I've been following the guide on the docs ☞ https://wiki.opnsense.org/manual/how-tos/wireguard-client-mullvad.html#step-2-assignments-and-routing and this guide ☞ https://listed.to/@lissy93/18842/how-to-mullvad-vpn-using-wireguard-on-opnsense, they are pretty much identical.
I can't get it working, I'm sure I'm missing a firewall rule or gateway somewhere. I have no internet connection. Although strangely, if I connect to Mullvad iOS or macOS app the internet starts working, and as soon as I disconnect from the app – no more internet. I have unchecked the kill switch in the Mullvad.app, so it is not that. 😁
I have only tried deviating from the above guides, by setting Firewall > NAT > Outbound > Source address to my AP net instead of LAN net, because the LAN is inactive, nothing is connected to it.

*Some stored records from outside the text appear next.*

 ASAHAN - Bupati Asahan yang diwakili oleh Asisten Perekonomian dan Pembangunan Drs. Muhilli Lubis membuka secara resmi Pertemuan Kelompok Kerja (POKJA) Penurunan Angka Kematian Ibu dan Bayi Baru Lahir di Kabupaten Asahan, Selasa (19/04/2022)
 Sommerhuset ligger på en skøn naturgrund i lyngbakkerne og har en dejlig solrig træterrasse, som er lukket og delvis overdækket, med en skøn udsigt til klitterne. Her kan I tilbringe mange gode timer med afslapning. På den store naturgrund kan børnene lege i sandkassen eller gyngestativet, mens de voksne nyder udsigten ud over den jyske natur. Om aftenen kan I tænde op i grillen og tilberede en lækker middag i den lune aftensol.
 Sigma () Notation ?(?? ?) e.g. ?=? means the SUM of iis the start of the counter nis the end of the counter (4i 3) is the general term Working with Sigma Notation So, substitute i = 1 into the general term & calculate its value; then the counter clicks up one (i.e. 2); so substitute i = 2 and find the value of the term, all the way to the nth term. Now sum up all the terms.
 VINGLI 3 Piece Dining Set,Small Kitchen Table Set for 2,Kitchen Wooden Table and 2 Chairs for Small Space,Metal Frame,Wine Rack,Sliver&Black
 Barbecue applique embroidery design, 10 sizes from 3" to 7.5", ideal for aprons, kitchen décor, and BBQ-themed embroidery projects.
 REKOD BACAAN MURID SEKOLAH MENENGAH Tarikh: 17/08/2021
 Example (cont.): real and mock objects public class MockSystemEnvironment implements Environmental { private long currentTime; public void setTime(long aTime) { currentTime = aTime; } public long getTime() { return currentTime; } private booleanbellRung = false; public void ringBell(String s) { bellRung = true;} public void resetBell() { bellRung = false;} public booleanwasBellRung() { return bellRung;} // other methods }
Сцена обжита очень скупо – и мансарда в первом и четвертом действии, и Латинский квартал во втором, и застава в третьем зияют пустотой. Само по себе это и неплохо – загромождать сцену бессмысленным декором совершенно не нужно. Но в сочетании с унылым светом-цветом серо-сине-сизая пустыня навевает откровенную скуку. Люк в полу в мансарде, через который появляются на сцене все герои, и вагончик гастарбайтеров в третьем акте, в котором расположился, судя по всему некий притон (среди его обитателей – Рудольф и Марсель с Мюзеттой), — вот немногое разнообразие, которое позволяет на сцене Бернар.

Any tips? Or does someone have a clue?
Thanks
Can you post screenshots of firewall rules and nat outbound rules?
Hi Kieeps,
Thanks for getting back.
Yes I can and I have uploaded them here. It is impossible to downsize them all to fit this forum rules :-\
The link expires in 7 days: https://send.tresorit.com/a#rbGtbXX4yYV0kgmVVZtlqA
One observation is that the interface in your outbound NAT rule should be Wireguard, not AP
Yes, and it originally was. But the interface was remove, perhaps because I made a modification. I enable the VPN and WireGuard interface was available again. Unfortunately didn't solve the problem.
Is the Disable Routes option enabled in the WG config? If you want your whole network to go via the VPN, it shouldn't be
Maybe you need to show your WG config too (masking private keys etc)
QuoteIs the Disable Routes option enabled in the WG config?
No it is not.
Here the Local and Endpoints ☞ https://send.tresorit.com/a#NZjoBKBUCzpRGbH1XwNHnA
Sorry, ignore my post just now...
Did you restart WG after fixing the NAT outbound rule?
Other than that, I am little at a loss. It sounds like it could be a routing issue. However, my understanding is that if Disable Routes is unchecked then WG reconfigures the default routes to use the tunnel.
That said, I've only tested configs with external VPN providers where the Disable Routes option has been checked, and then a VPN gateway, and specific FW rules to use that gateway, have been configured, as I have only wanted to send certain traffic down the tunnel, not everything. Along the lines of this: https://imgur.com/gallery/JBf2RF6
QuoteDid you restart WG after fixing the NAT outbound rule?
Yes, and I have also tried rebooting the OPNsense device.